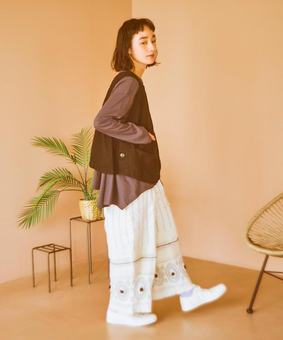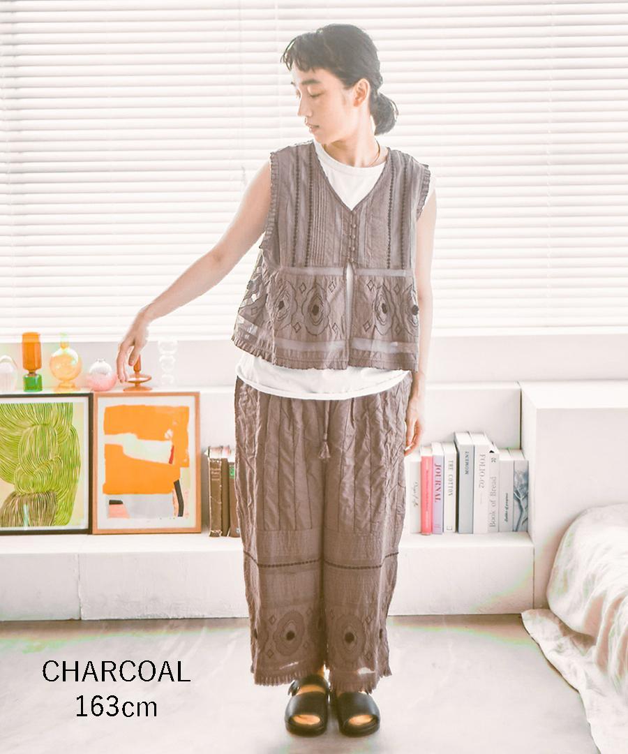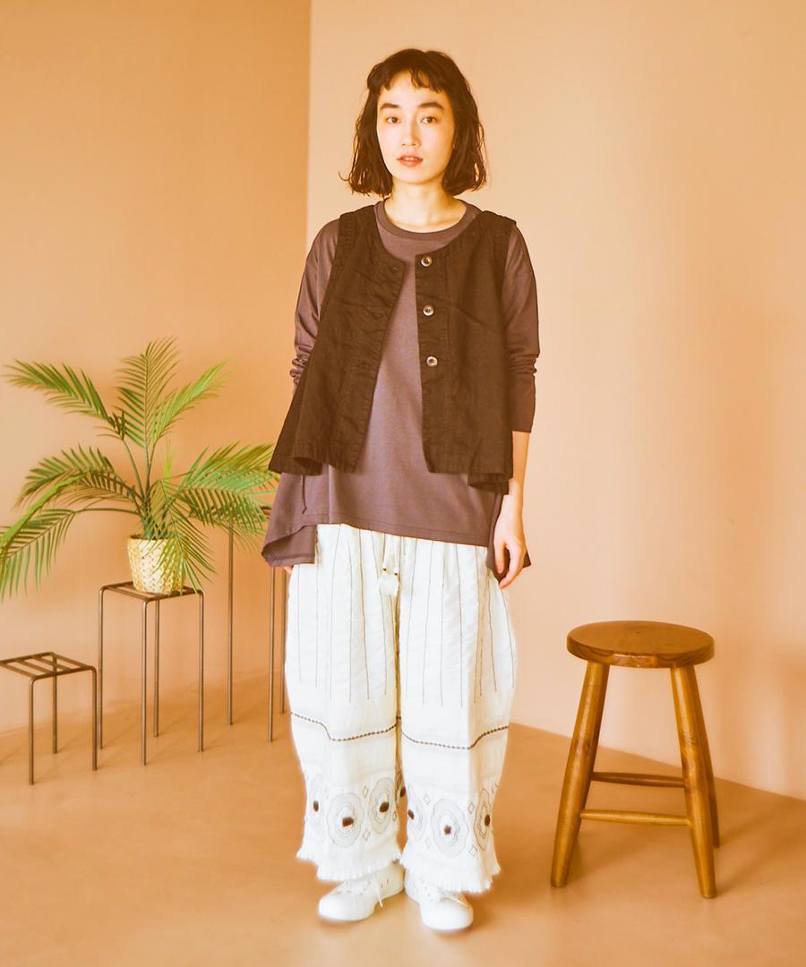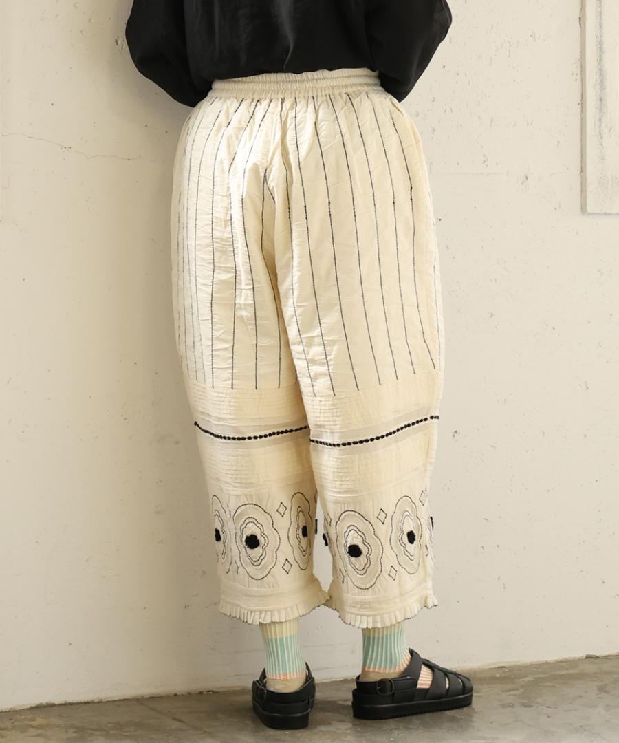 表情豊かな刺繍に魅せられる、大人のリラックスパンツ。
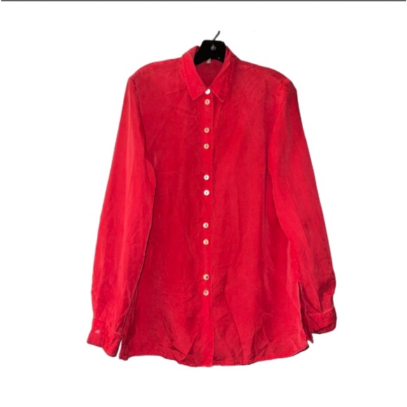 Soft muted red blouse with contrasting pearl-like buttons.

######

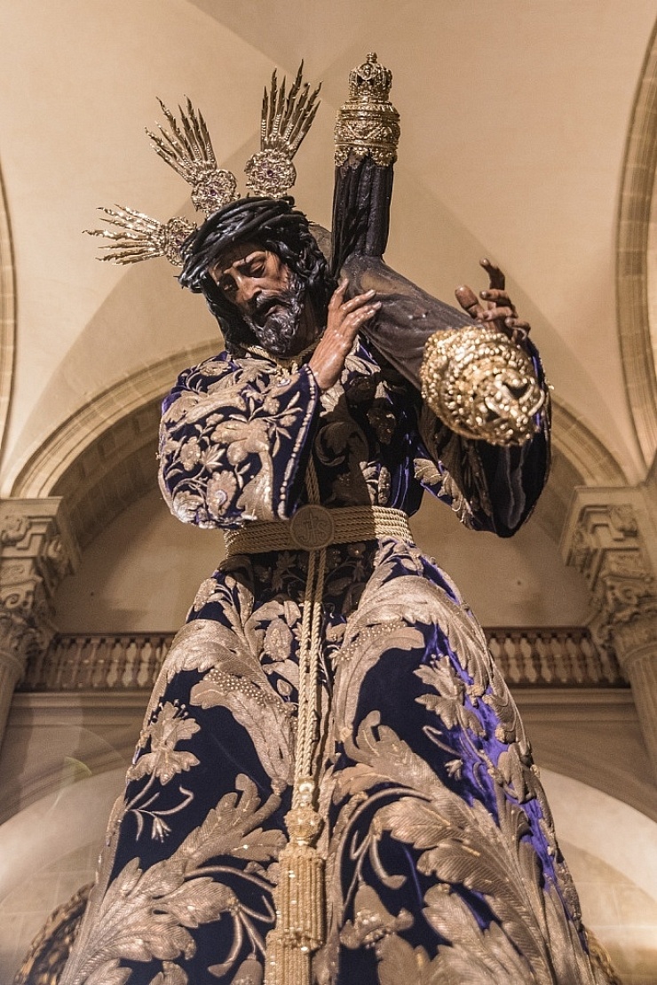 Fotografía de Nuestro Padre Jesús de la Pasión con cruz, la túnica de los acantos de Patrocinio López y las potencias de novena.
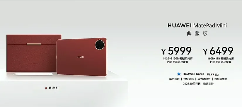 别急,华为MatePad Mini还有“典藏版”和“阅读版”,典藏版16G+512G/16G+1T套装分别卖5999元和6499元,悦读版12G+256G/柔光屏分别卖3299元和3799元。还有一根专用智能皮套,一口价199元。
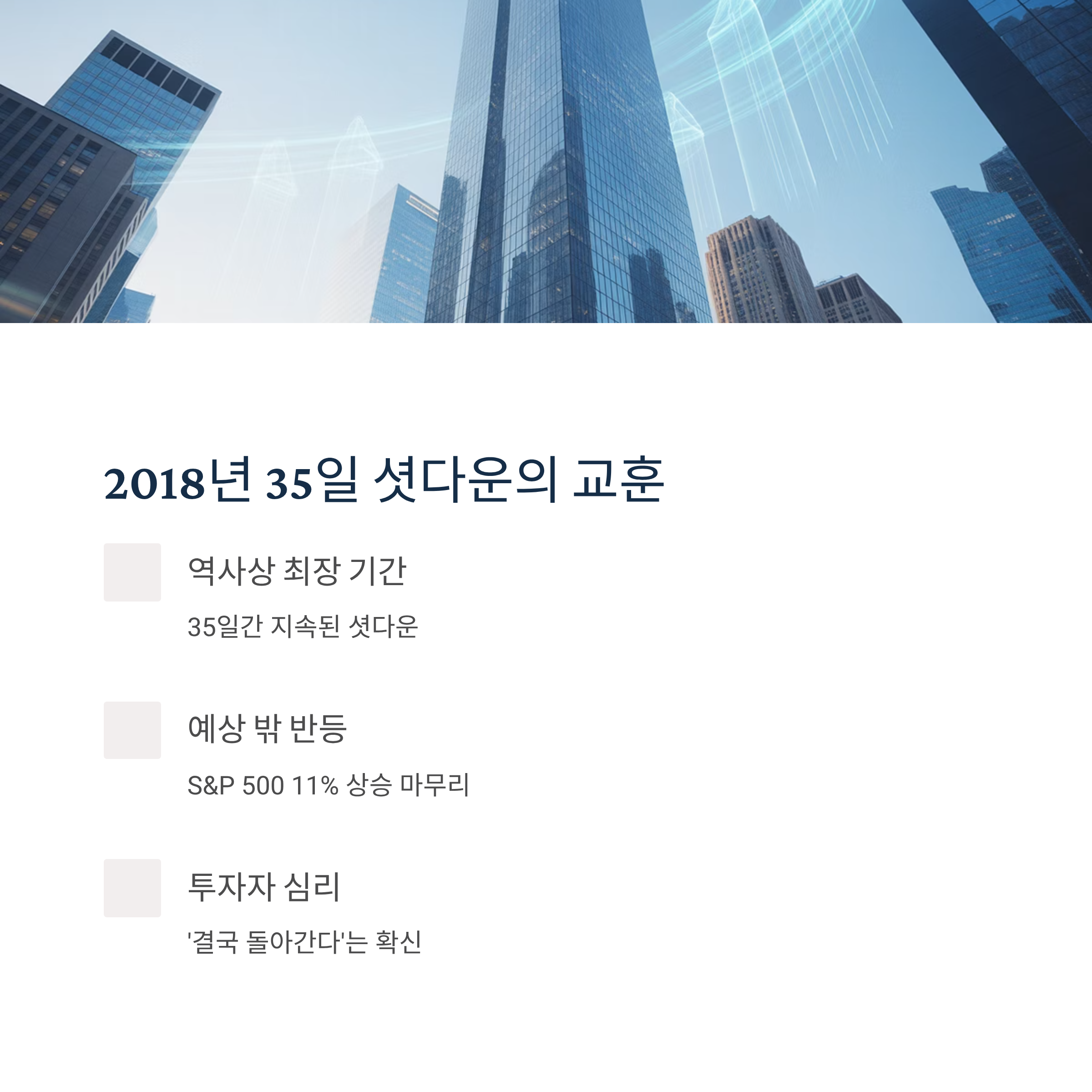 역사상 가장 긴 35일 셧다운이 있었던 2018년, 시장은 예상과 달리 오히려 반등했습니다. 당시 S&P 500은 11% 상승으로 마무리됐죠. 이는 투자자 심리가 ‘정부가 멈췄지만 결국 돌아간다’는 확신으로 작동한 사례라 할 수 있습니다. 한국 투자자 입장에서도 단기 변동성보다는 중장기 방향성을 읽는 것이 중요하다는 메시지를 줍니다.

######

Transcribe the lines above exactly, beginning at the one with "Fotografía de Nuestro" and ending at the one with "역사상 가장 긴 35일". Include both; exclude the pictures.

 Fotografía de Nuestro Padre Jesús de la Pasión con cruz, la túnica de los acantos de Patrocinio López y las potencias de novena.
 别急,华为MatePad Mini还有“典藏版”和“阅读版”,典藏版16G+512G/16G+1T套装分别卖5999元和6499元,悦读版12G+256G/柔光屏分别卖3299元和3799元。还有一根专用智能皮套,一口价199元。
 역사상 가장 긴 35일 셧다운이 있었던 2018년, 시장은 예상과 달리 오히려 반등했습니다. 당시 S&P 500은 11% 상승으로 마무리됐죠. 이는 투자자 심리가 ‘정부가 멈췄지만 결국 돌아간다’는 확신으로 작동한 사례라 할 수 있습니다. 한국 투자자 입장에서도 단기 변동성보다는 중장기 방향성을 읽는 것이 중요하다는 메시지를 줍니다.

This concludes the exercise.